■ Task brief ■
In the listing below, the answer starts at the line that has "38APPENDIX IAPPEARANCE AND" and stops after the line that has "Organic and modern, this"; please repeat that part exactly and nothing more.

■ Records for processing ■
Content starts

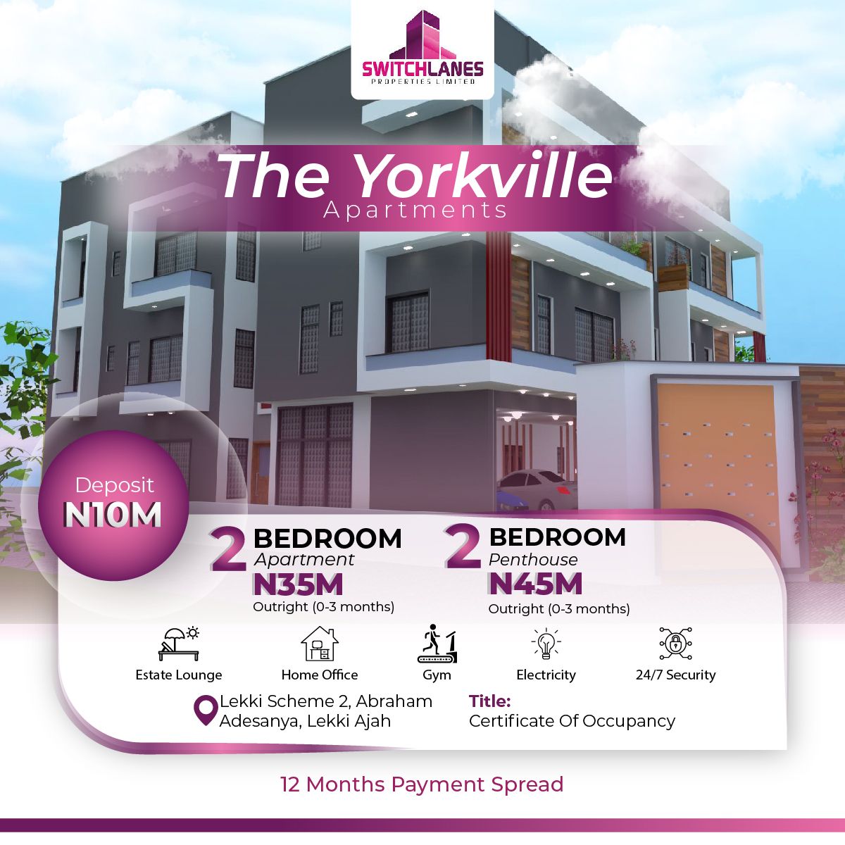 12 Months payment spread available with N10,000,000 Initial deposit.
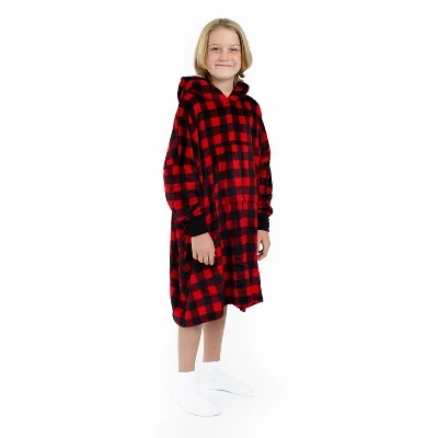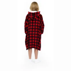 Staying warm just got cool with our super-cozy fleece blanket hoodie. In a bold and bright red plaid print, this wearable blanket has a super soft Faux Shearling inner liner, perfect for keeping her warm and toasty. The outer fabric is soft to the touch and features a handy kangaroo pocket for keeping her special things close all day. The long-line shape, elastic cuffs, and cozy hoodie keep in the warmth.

Content ends
Content starts

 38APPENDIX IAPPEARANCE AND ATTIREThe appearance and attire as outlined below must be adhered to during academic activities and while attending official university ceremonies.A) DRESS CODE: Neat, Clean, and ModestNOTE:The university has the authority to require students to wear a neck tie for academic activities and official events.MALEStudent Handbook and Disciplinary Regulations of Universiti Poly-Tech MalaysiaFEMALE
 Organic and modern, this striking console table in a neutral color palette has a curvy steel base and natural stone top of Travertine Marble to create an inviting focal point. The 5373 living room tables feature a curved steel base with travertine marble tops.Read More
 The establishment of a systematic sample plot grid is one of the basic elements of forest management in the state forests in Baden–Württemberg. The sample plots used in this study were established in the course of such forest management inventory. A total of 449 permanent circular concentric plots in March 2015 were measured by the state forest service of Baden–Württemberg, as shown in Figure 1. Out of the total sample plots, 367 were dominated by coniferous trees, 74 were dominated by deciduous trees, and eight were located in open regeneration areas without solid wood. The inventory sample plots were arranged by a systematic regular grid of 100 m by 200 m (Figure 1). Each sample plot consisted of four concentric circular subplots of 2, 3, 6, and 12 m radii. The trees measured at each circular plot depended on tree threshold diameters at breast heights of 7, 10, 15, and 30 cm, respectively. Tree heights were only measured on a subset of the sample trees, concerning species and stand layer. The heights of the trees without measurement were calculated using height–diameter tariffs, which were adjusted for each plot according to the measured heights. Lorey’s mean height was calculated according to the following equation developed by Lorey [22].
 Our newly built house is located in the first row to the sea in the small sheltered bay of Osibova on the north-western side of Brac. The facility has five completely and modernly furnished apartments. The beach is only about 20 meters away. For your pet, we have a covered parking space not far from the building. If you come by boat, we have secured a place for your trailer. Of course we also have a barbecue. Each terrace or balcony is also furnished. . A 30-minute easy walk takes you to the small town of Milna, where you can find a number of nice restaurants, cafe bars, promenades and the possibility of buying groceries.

Content ends

■ Exercise output ■
 38APPENDIX IAPPEARANCE AND ATTIREThe appearance and attire as outlined below must be adhered to during academic activities and while attending official university ceremonies.A) DRESS CODE: Neat, Clean, and ModestNOTE:The university has the authority to require students to wear a neck tie for academic activities and official events.MALEStudent Handbook and Disciplinary Regulations of Universiti Poly-Tech MalaysiaFEMALE
 Organic and modern, this striking console table in a neutral color palette has a curvy steel base and natural stone top of Travertine Marble to create an inviting focal point. The 5373 living room tables feature a curved steel base with travertine marble tops.Read More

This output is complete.